Fischmann verlegte um die Jahrhundertwende seinen Wohnsitz nach München, wo er 1909 zusammen mit seiner Frau Olga Fischmann (1883–1971), nach anderen kurzlebigen Unternehmensgründungen, die Kunst- und Antiquitätenhandlung Fischmann & Co. in der Karlstraße 35 mitbegründete. Bereits einige Jahre später war er der alleinige Inhaber.
Während zum ersten Jahrzehnt der Firmengeschichte nur wenig Quellen bekannt sind, ändert sich dies um 1920. Die Kunsthandlung wuchs nun stetig und wurde in nationalen sowie internationalen Sammler- bzw. Sammlerinnen- und Händler- bzw. Händlerinnenkreisen bekannt. Korrespondenzen beschreiben, dass Norbert Fischmann eine Vielzahl an Geschäftsreisen tätigte, um Kundschaften auf Kaufangebote aufmerksam zu machen, Kunstobjekte direkt vorlegen zu können und Kontakte zu pflegen.
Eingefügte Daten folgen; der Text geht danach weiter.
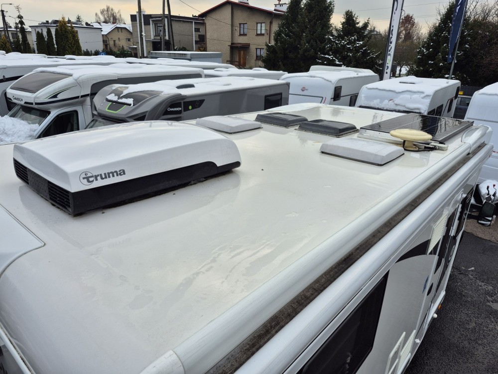 - Nadwozie wykonane z polyestru (dach oraz boczne ściany). System GRP/GFK - użycie żywicy z włóknem szklanym zapewnia większą odporność na gradobicie (w porównaniu do blachy aluminiowej). Technologia tego typu umożliwia również łatwiejsze naprawienie poszycia w wyniku wszelkiego rodzaju uszkodzeń.

Zum Kundenstamm zählten beispielsweise die Kunsthandlung Julius Böhler in München, die Colnaghi Art Gallery in London und die John Levy Galleries in New York. Außerdem wurde eine rege Anzeigenschaltung unter anderem in der Zeitschrift „Der Kunstwanderer“ oder im britischen „The Burlington Magazine“ betrieben. 1924/1925 erfolgte die Verlegung der Geschäftsräume in das etablierte Münchner Kunsthandelsviertel – in die Brienner Straße 50b. Das Angebot der Kunsthandlung wurde stetig auf Gemälde Alter Meister und Skulpturen spezialisiert.
Im Laufe der 1930er Jahre wurden Norbert Fischmann und seine Familie Opfer der Verfolgungs- und Verdrängungsmaßnahmen des NS-Regimes. Die rassische Weltanschauung des NS-Regimes stufte Norbert und Olga Fischmann als „jüdisch“ ein, obwohl diese bereits 1923 ihre Religionszugehörigkeit abgelegt hatten und folglich konfessionslos waren. Ein Rundschreiben des Präsidenten der Reichskammer der bildenden Künste aus dem August 1935 verwehrte Fischmann, wie allen anderen „jüdischen“ Kunsthändlern und -händlerinnen in München, die weitere Ausübung des Berufes. Ab demselben Jahr wurde Norbert Fischmann dauerhaft in London sesshaft. Seine Familie emigrierte in den darauffolgenden Jahren.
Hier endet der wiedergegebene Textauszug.